Missouri lawmakers should comply with the Sunshine Law. They should have been following the law all along, but had insisted they were exempt from it. Voters added the Clean Missouri amendment to the Missouri Constitution to make it clear state lawmakers must adhere to it.

Except they haven’t.

On Oct. 23, a government watchdog group filed a lawsuit in an attempt to force the House to follow the law. The lawsuit in Cole County Circuit Court challenges the House rule passed in January that allows representatives to essentially ignore the amendment.

A state lawmaker has also asked Attorney General Eric Schmitt for an opinion on whether House members are acting within the law when they redact names, addresses and other information of people who emailed lawmakers. Such requests of the attorney general are not unusual, but Schmitt, who received the request in March, appears slow in responding to this one.

House Rule 127 states: “Members may keep constituent case files, and records of the caucus of the majority or minority party of the House that contain caucus strategy, confidential. Constituent case files include any correspondence, written or electronic, between a member and a constituent, or between a member and any other party pertaining to a constituent's grievance, a question of eligibility for any benefit as it relates to a particular constituent, or any issue regarding a constituent's request for assistance.”

That rule should not stand. The Sunshine Law is important to curb — or at least reveal — the dirt in the often dirty business of politics.

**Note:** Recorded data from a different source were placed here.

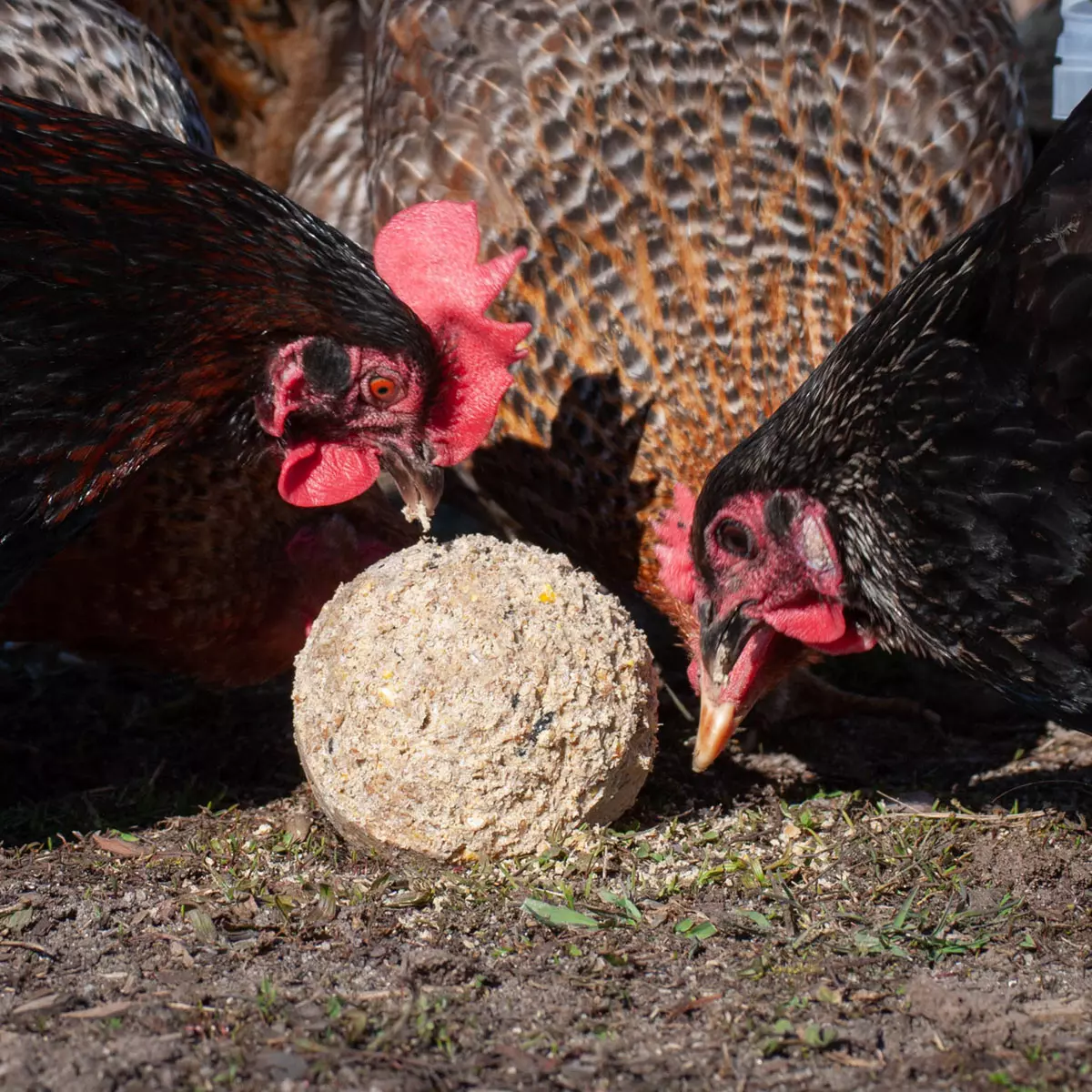 Unsere Hühner-Kugeln XXL sind gentechnikfreie Futterkugeln zur spielerischen Beschäftigung Ihrer Hühner. Beste pflanzliche Rohstoffe wie Sonnenblumenkerne, Mais und Erdnüsse sorgen für eine besonders schmackhafte Mischung, die Ihre Hühner mit wichtigen pflanzlichen Nährstoffen versorgt. Unsere Hühner-Kugeln XXL sind mit und ohne Netz erhältlich, sodass sie entweder im Stall aufgehängt oder auf den flachen Boden gelegt werden können. Durch die runde Form und die stetige Bewegung der Futterkugeln wird der natürliche Pickdrang Ihrer Hühner auf spielerische Weise befriedigt.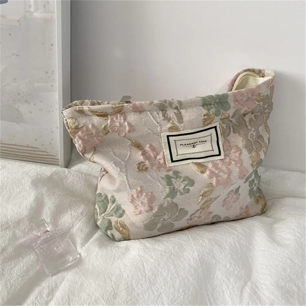 Модная косметичка с французским тиснением в виде цветка, простая вместительная портативная ручная сумка с принтом для отдыха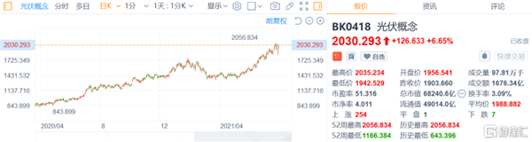其實,從2020年下半年開始,光伏指數就不斷走出犀利的上升趨勢,背后離不開新能源這一國家大政方針支持的產業(yè)扶持。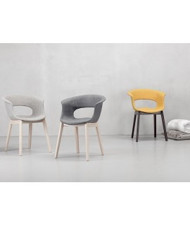 Fauteuil avec coque rembourrée et noyau en technopolymère, à partir d'aujourd'hui a un nouveau cadre entièrement en bois de hêtre massif naturel ou teinté wengé. Rembourrage en tissu prestigieux dans les couleurs: jaune safran, corde, gris et vert paon. SCAB Design présente Natural Miss B Pop. Fauteuil qui se prête à des jeux amusants de personnalisation apprécié dans le contrat: le rembourrage est réservé à une gamme infinie de couleurs, tandis que le cadre en bois de hêtre massif est disponible en finition naturelle ou wengé.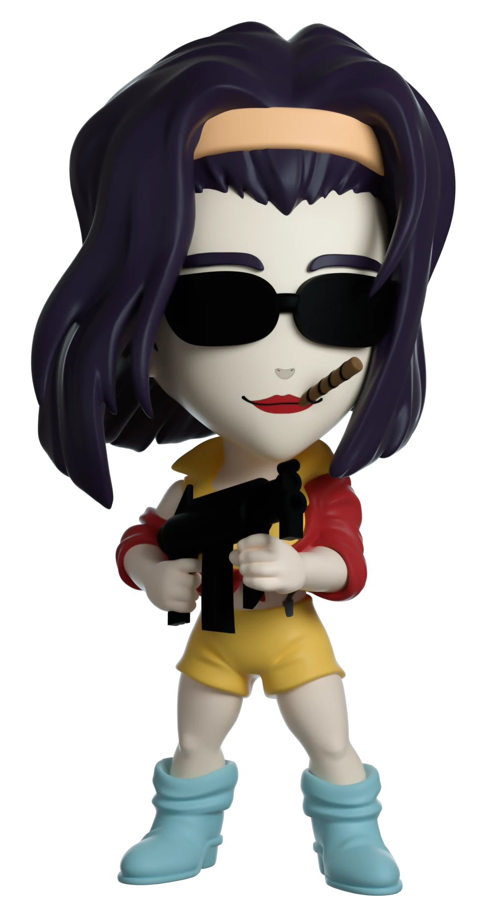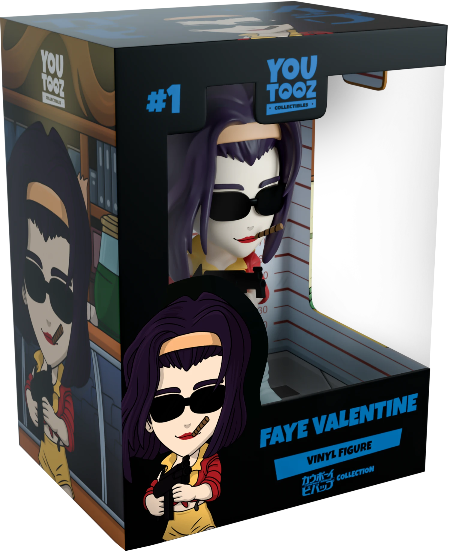 After being cryogenically frozen for 77 years, Faye Valentine crosses paths with the Bebop crew and makes some unexpected friends! Capturing holding a submachine gun in two hands, Faye means business. This go-getter is wearing yellow short-shorts, a yellow crop top and red jacket. Adding to her cool demeanor are dark tinted sunglasses. Her double-walled window box is illustrated to show the scene outside of a shop where a shootout has taken place. This collectible ships in a matte, embossed, protective outer sleeve inspired by the Cowboy Bebop opening sequence.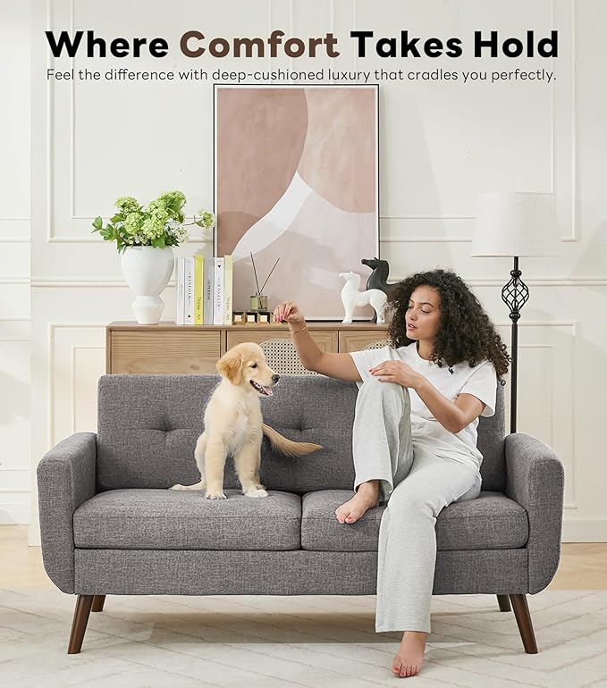 - TIMELESS APPEAL: Stylish tufted linen upholstery with a mid-century low-profile design brightens your whole home with modern craftsmanship and classic aesthetics. The small loveseat provides stylish and functional furniture for your apartment, adding more features to your home while decorating the room.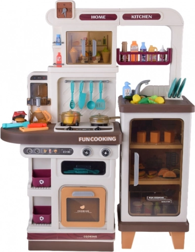 Veľká interaktívna detská kuchynka v béžovej farbe so svetlami, zvukmi a efektom pary. Funkčný kohútik s vodou, dispenzer a bohaté príslušenstvo.

Lawmakers get a lot of correspondence, but some of it purports to be grassroots email when it is really Astro Turf. For a long time, advocacy groups have written form letters then urged constituents to copy letters or more frequently “click here” to send emails to lawmakers and others. There have even been schemes to incentivize the prefab email passion through rewards — unlawfully.

The latest spin on the pseudo grassroots campaign cuts the constituent out of the process altogether by spoofing email addresses so the purported sender doesn’t know anything about the missive.

That appears to have been the case in a number of Astro Turf campaigns in the last few years, and the St. Louis Post-Dispatch reported that it is suspected in a 2018 campaign to urge Missouri lawmakers to pass legislation to make it harder for consumers to file negligence suits against out-of-state companies.

But how will we discover the spoofed emails if we cannot know that lawmakers are receiving them?

We look forward to the court’s verdict, but the attorney general should stop delaying and render an opinion in the matter.

Better yet, lawmakers should rescind the rule and comply with the will of the people of Missouri.